Estavam quase 37 graus num final de julho, a humidade do Texas era tão densa que quase se podia cortar à faca, e estava eu no jardim da frente, de chinelos, a disparar o jato de água da mangueira contra o assento de uma cadeira de papa de plástico branco. O puré de batata-doce laranja fluorescente fazia ricochete no plástico e salpicava-me as canelas. A minha filha mais velha — abençoada seja, a minha eterna cobaia para todos os erros de maternidade — estava sentada no alpendre a gritar porque tinha odiado cada segundo do jantar. Tinha passado os últimos vinte minutos a escorregar lentamente para as profundezas cavernosas daquela famosa cadeira de papa de vinte e cinco euros, qual esparguete triste e mole, completamente incapaz de chegar à comida.

A minha avó tinha-me avisado, claro. Olhou uma vez para a geringonça minimalista quando a trouxe para casa e murmurou que parecia um instrumento de tortura para uma boneca de plástico. Revirei os olhos porque era uma recém-mãe muito informada, que lia blogues minimalistas e queria algo elegante que não custasse o mesmo que a prestação do carro. Vou ser sincera convosco: a avó tinha toda a razão. Aprendi da pior maneira que o mobiliário infantil barato normalmente exige muito esforço para funcionar de verdade.

Porque é que as mães exaustas se deixam seduzir pelo plástico barato

Acreditem, eu percebo. Entre embalar encomendas para a minha pequena loja na Etsy e tentar impedir que três crianças com menos de cinco anos destruam completamente a casa, não tenho tempo nem capacidade mental para andar a raspar papas de aveia incrustadas num assento de tecido acolchoado. Esse é o verdadeiro canto da sereia desta peça de mobiliário em particular.

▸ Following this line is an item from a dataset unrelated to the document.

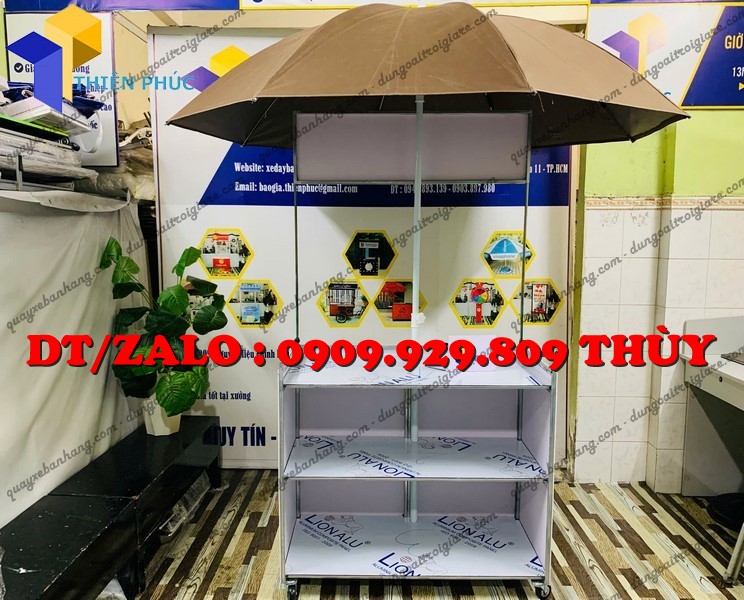 Xe bán thức ăn vặt kèm dù là công cụ kinh doanh di động, tiện lợi và linh hoạt. Với thiết kế gọn gàng, bề mặt chế biến rộng, kèm ô dù bảo vệ, sản phẩm giúp bán hàng nhanh chóng, thu hút khách và tối ưu chi phí kinh doanh.

Antes de falarmos sobre tudo o que está fundamentalmente errado nela, temos de reconhecer por que motivo literalmente toda a gente que conhecem tem uma. O fator conveniência joga muito a seu favor. Quando se funciona com três horas de sono e o bebé acabou de descobrir a alegria de fazer barulhos com a boca cheia de puré de ervilhas, queremos a limpeza mais fácil possível.

  • Não pesa quase nada. Conseguimos levantar a cadeira inteira com uma mão enquanto equilibramos um bebé a gritar na outra anca.
  • Não tem recantos escondidos. Sem costuras, sem tecidos, sem dobras esquisitas de plástico onde o leite se possa acumular e azedar durante uma tarde quente.
  • As pernas saem num instante. Já atirei a cadeira desmontada para a bagageira do carro vezes sem conta quando vamos jantar a casa dos sogros ao domingo.

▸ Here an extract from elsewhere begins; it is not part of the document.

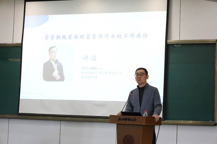 接着,三位专业硕士研究生(MBA)校友结合自身求职和工作体会,依次进行了主题报告。球神直播app 2012级MBA校友许诺,现任杭州绿城资本控股有限公司董事长助理,主要讲述了研究生阶段的学习对他职业发展的影响,并分析了当前多个行业的发展态势,为研究生们未来行业的选择提供了借鉴。球神直播app 2012级MBA校友李晓娟,现任国金期货有限责任公司杭州营业部总经理,主要介绍了期货行业的现状、基本业务、岗位类别等,让在校生深入了解了期货行业的相关工作。球神直播app 2013级MBA校友鲍祺烨,现任国信证券股份有限公司浙江分公司财富三部总经理,重点分享了金融行业的就业前景,并结合金融行业人才的选拔要求介绍了研究生应当如何进行职业发展规划。

Compramo-la porque nos facilita a vida no departamento das limpezas. Mas, no que toca à mecânica real de alimentar uma criança que está a aprender a engolir alimentos sólidos, a cadeira é um desastre estrutural assim que sai da caixa.

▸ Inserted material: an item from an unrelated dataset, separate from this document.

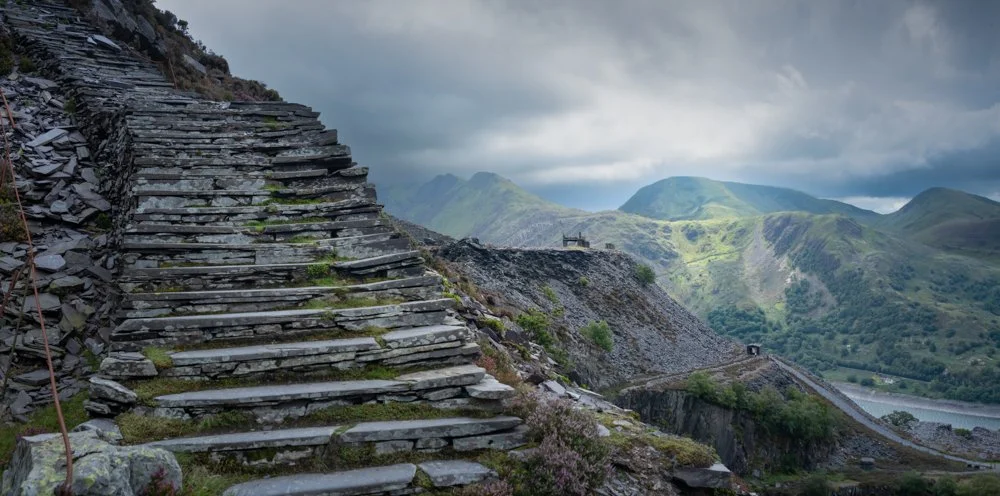 I am always moved and humbled when I visit Dinorwic slate mine in the heart of Eryri (Snowdonia). At its height tens of thousands of miners worked here at what was the second largest of its kind in the world. There is a haunting quality to the remains of buildings, train tracks, caves, huge mounds of slate, stairs and abandoned equipment. This was an incredibly hard life for those who worked here, and a dangerous one. I was thinking that I had done well to climb all the various levels of the mine up to a high point on the mountain; yet these miners would have to do exactly the same every day, and once at the top they had to do a long day’s work and then descend; I was only taking my time and creating photos! This photo shows the staircase which rises steeply from one level to the next, as well as the building right in the centre on the ridge with an illuminated mountainside behind. I wanted the elegant lines of the sides of the stairs, winding up and to the left, to be complemented by those of the mid-ground and the more distant hills. The view of a slice of Llyn Padarn at the bottom right gives a sense of how high the mine is above the valley floor. The grey and moody weather helped in creating a sense of the place and its history, and a memory for all those who worked here in such hard conditions.

O que a minha médica rabiscou num post-it

Lembro-me vagamente de a nossa médica murmurar algo sobre um ângulo de 90 graus para as ancas, joelhos e tornozelos quando deu luz verde para a minha filha mais velha começar com os purés. Desenhou um boneco de palitos num post-it amarelo, entregou-mo e despachou-me. Colei-o no fundo da mala e esqueci-me prontamente do assunto, até a minha filha se engasgar com um bocado de abacate maduro.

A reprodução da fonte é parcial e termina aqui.